OTTAWA, ON (May 24, 2021): The Macdonald-Laurier Institute joins an international coalition of 27 think tanks to call on governments to reject a proposal at the World Trade Organisation to cancel intellectual property rights for COVID vaccines.
IP has been the unsung hero of the pandemic, underpinning the ecosystem that enabled the private sector to create new vaccines so quickly. The Joint Declaration credits IP for the research collaborations and manufacturing partnerships all over the world that have accelerated vaccine production.
As MLI Senior Fellow Richard C. Owens wrote in a recent op-ed, “It is entirely illogical to say, as many do, that a massive public health crisis is not the time for patents. That is completely wrong. Now is precisely the time when upholding the integrity of the system that serves us so well is so important.”

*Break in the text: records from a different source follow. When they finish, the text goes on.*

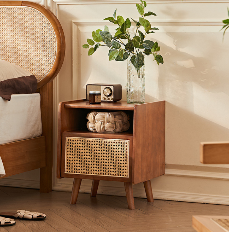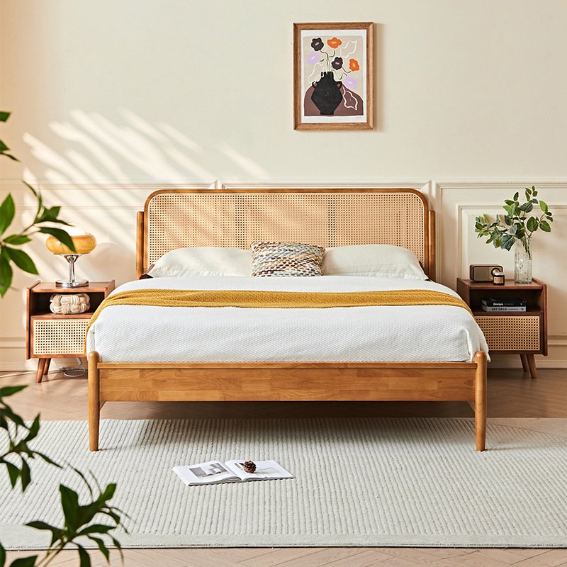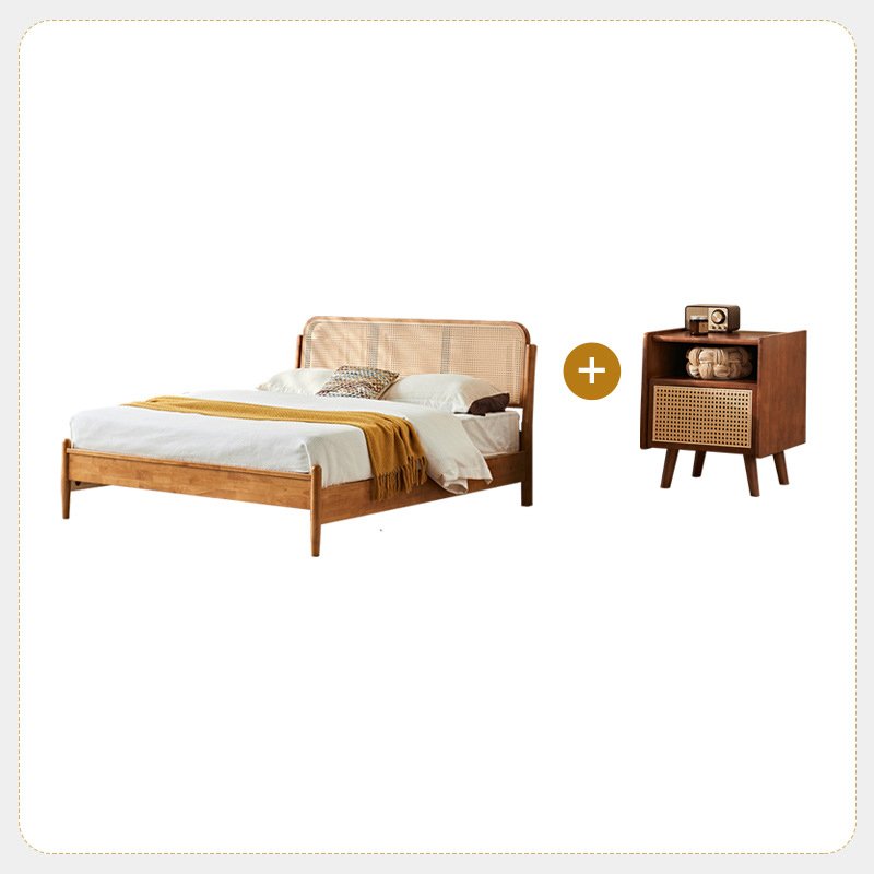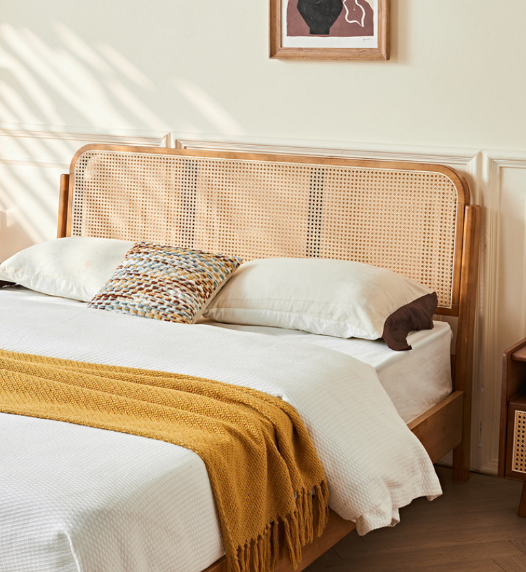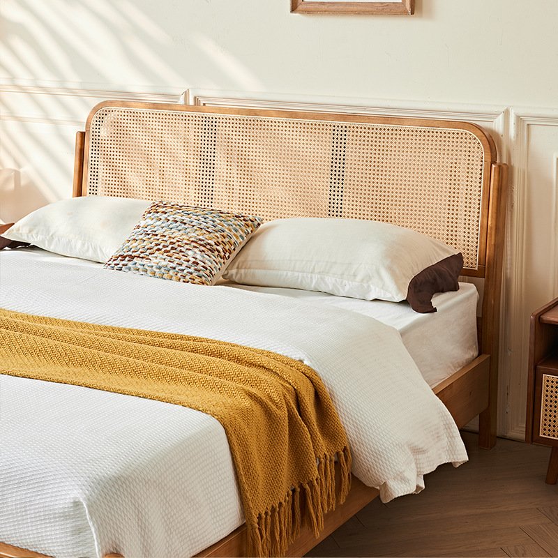 Wabi-Sabi Style Rattan-Woven Backrest Wedding Bed
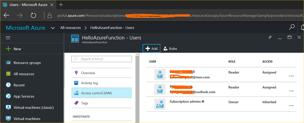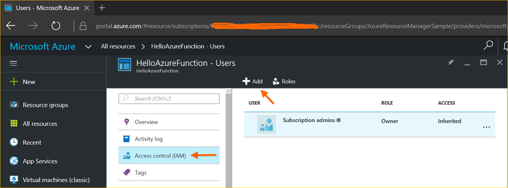 Once you’ve added the user you can now navigate to a specific Azure Resource and assign the user. Let’s do this now with an Azure Function I have.
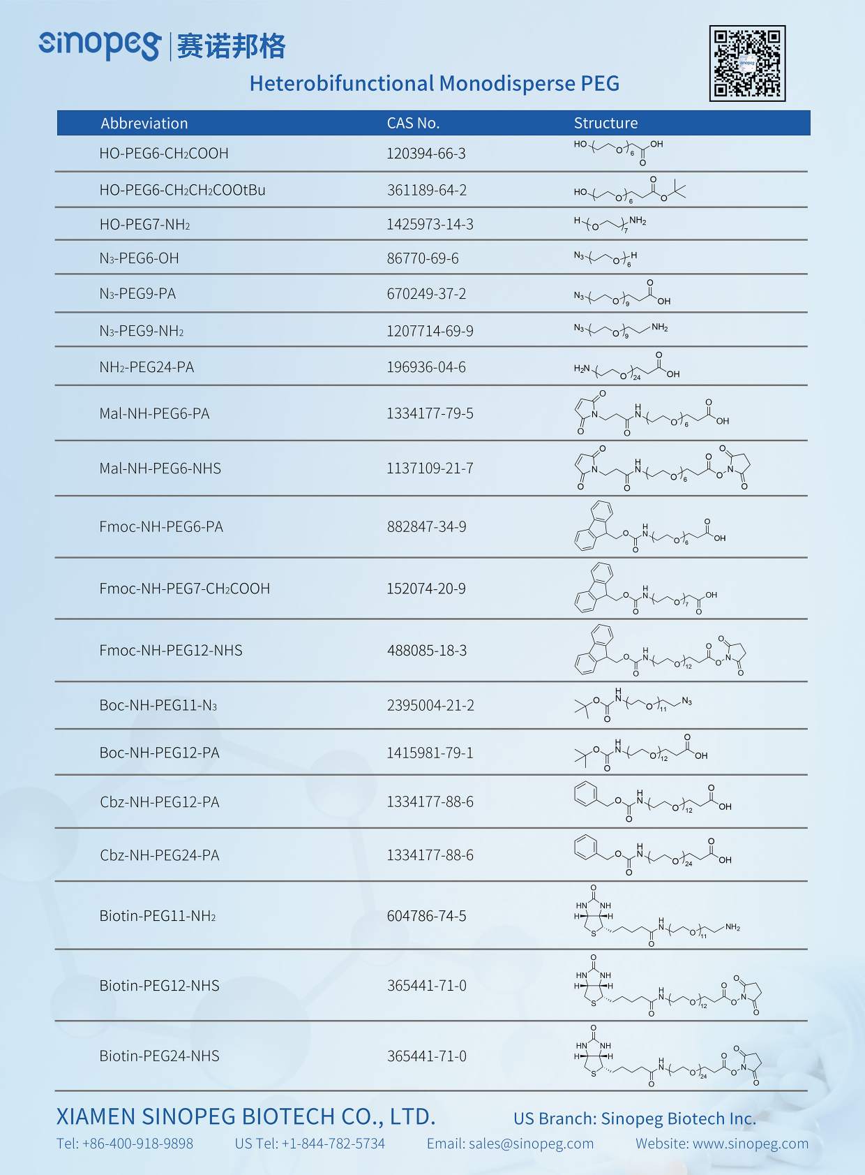 Sinopeg dispose d'un vaste stock de PEG à petites molécules (offrant une variété d'options de groupes fonctionnels).

“If we undermine a system precisely when it’s needed, it won’t be there to serve us in the future. IP isn’t the problem, it’s the solution; stealing stuff isn’t the solution, it’s the problem.”

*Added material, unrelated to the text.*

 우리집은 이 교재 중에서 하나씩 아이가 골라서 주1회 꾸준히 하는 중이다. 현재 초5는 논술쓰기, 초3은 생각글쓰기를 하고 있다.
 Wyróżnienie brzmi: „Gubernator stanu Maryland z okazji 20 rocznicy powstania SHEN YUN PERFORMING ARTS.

The reality is, IP is not currently limiting access to vaccines or other therapies or devices. Indeed, as Owens notes, companies have gone to great lengths to provide wide access to their IP.
Rivals have shared proprietary compounds, platforms and technologies to develop COVID vaccines in record time. Manufacturers are currently on track to make 12 billion doses by the end of 2021 – potentially sufficient to achieve global herd immunity. Clearly, intellectual property rights are not inhibiting this global effort, but are instead enabling this historic vaccine success.
At such a crucial juncture, the international coalition warns that a zero IP world would be a giant step backward, discouraging partnerships and discouraging companies from refining their existing vaccines to combat new COVID-19 variants.
“With the precedent set at the WTO, few companies will want to invest in new vaccines when the next pandemic comes. This would put the world at the mercy of government labs to research, develop, and manufacture vaccines. That's a scary prospect,” says Owens.
“Intellectual property rights matter; they will help us end this pandemic and help us prepare better for the next one,” he adds.